- North American packaging artwork
- Developer: Nintendo SPD
- Publisher: Nintendo
- Director: Masaki Tawara
- Producer: Hitoshi Yamagami
- Designers: Takao Nakano; Kazuki Yoshihara;
- Programmers: Kazuki Yoshihara; Masahiro Kawano;
- Artists: Tomoyoshi Yamane; Naoko Okamoto; Yukio Mishima;
- Writers: Shuici Narusawa; Kazuhiro Yoshikawa;
- Composers: Minako Hamano; Akira Fujiwara;
- Series: Tetris
- Platform: Nintendo DS
- Release: NA: March 20, 2006; AU: April 13, 2006; EU: April 21, 2006; JP: April 27, 2006;
- Genre: Puzzle
- Modes: Single-player, multiplayer

= Tetris DS =

2006 video game

 is a puzzle video game developed and published by Nintendo. It was released for the Nintendo DS on March 20, 2006, in North America, April 13, 2006, in Australia, April 21, 2006, in Europe, and April 27, 2006, in Japan. An installment of the Tetris franchise, the game supports up to ten players locally, and supported online multiplayer of up to four players using Nintendo Wi-Fi Connection prior to its discontinuation.

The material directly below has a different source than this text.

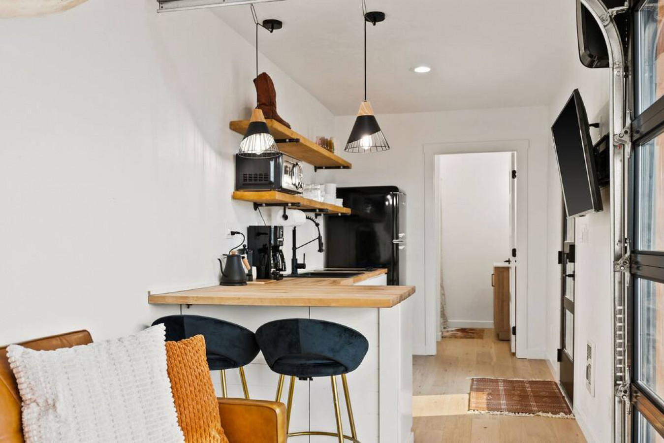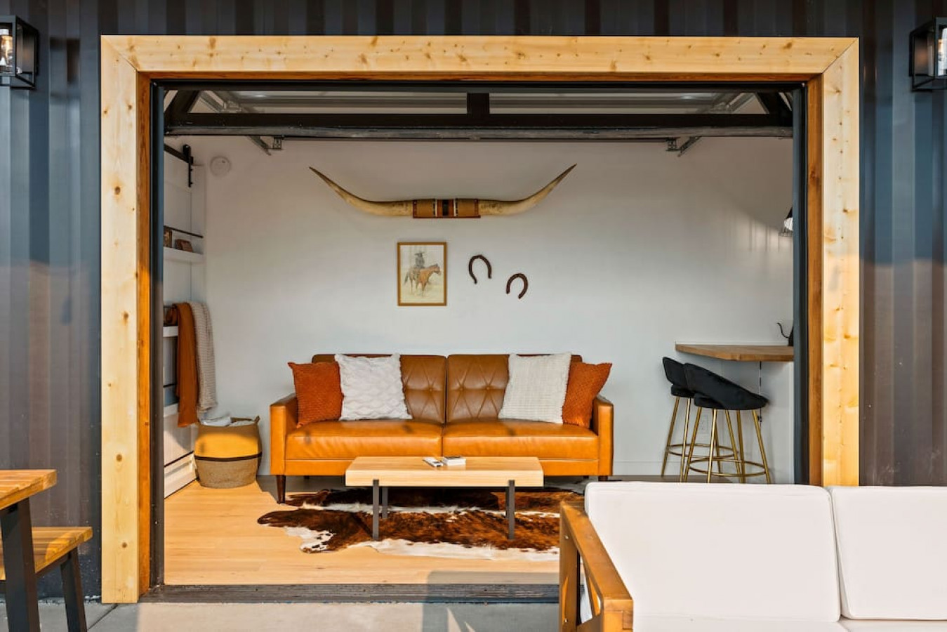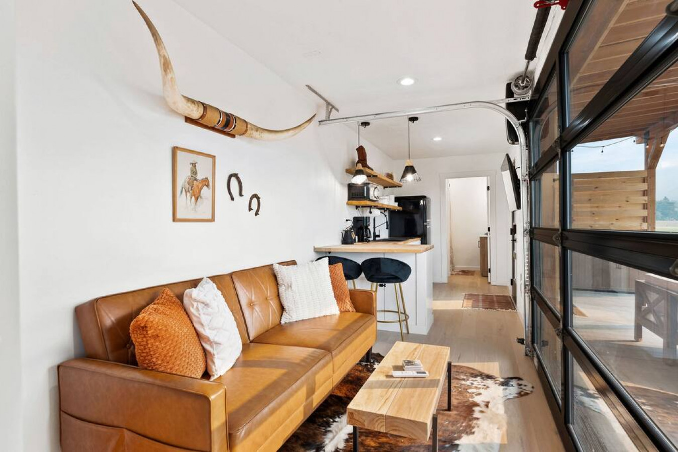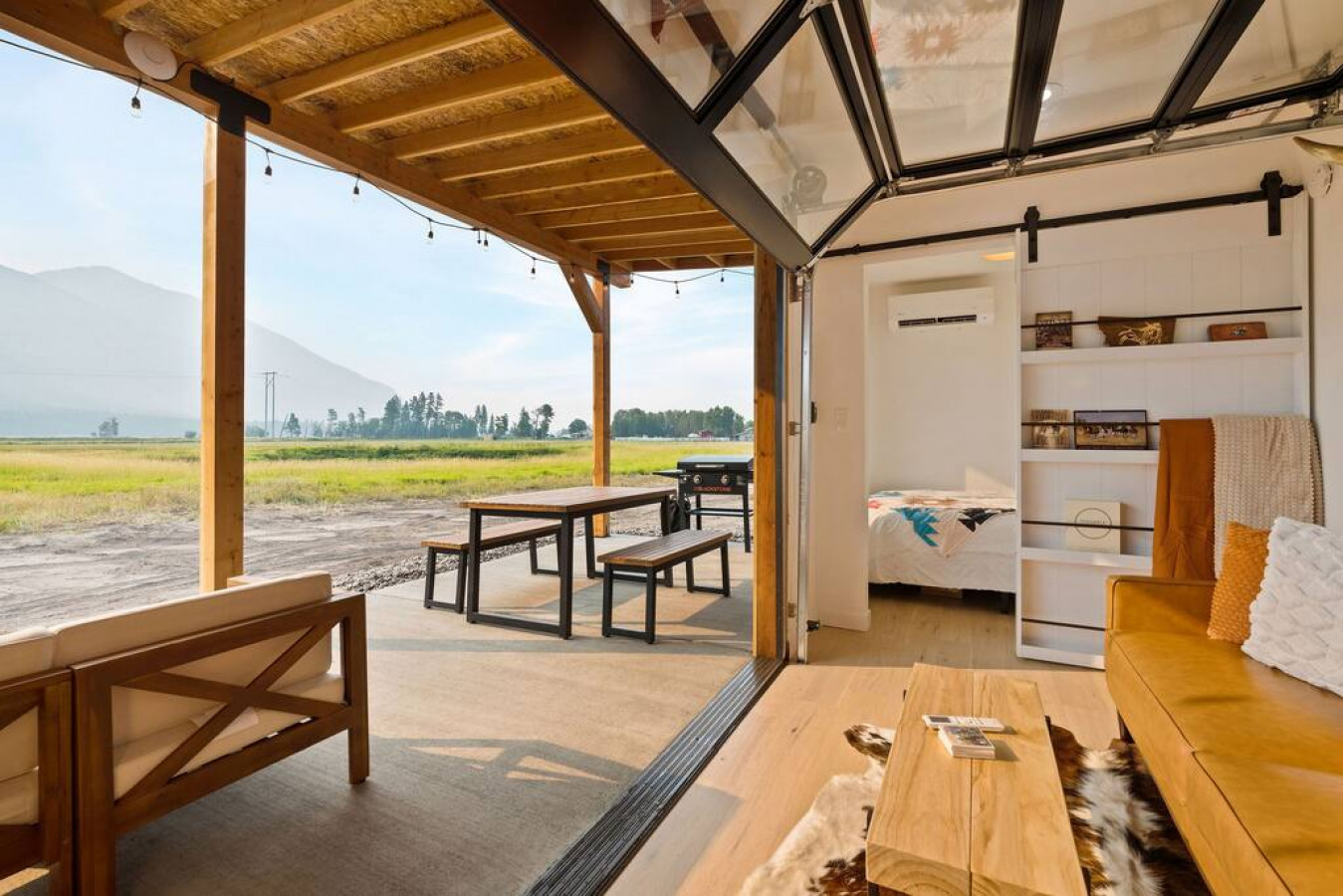 In the living room you will find a grand glass garage door to open the space into the outdoor seating and dining area (outdoor couch only available in summer/fall). The true feeling of indoor/outdoor living. The couch is capable of proving lounging space or additional sleeping space.

Tetris DS features several new modes of play, each with a different theme styled after retro Nintendo games. They include Super Mario Bros., The Legend of Zelda, Metroid, Donkey Kong, Balloon Fight, and Yoshi's Cookie. Multiplayer gameplay also incorporates items to be used competitively. The game received positive reviews from critics, who cited its additional game modes and multiplayer capabilities. Long after its release, it continued to be upheld as the best portable Tetris title, and one of the best in the series.

==Gameplay==

The game's standard mode, featuring a scene from Super Mario Bros. on the top screen

The game is split into six unique single-player modes, some of which are usable in the game's multiplayer. Each game variant is represented by a different Nintendo theme and character from a retro game, with the Super Mario Bros. sub-series featured in the game's standard, default mode, while other series appear in the alternate modes that provide a different spin on gameplay.

The game's standard mode plays in a similar manner as classic Tetris, in which the player must move clusters of different-shaped tiles (tetrominos), manipulate them as they drop by spinning them, and place them in a pile at the bottom. Players must stack each piece without empty space so that they can continue clearing lines of the pile. Difficulty of this mode increases with every 10 lines cleared.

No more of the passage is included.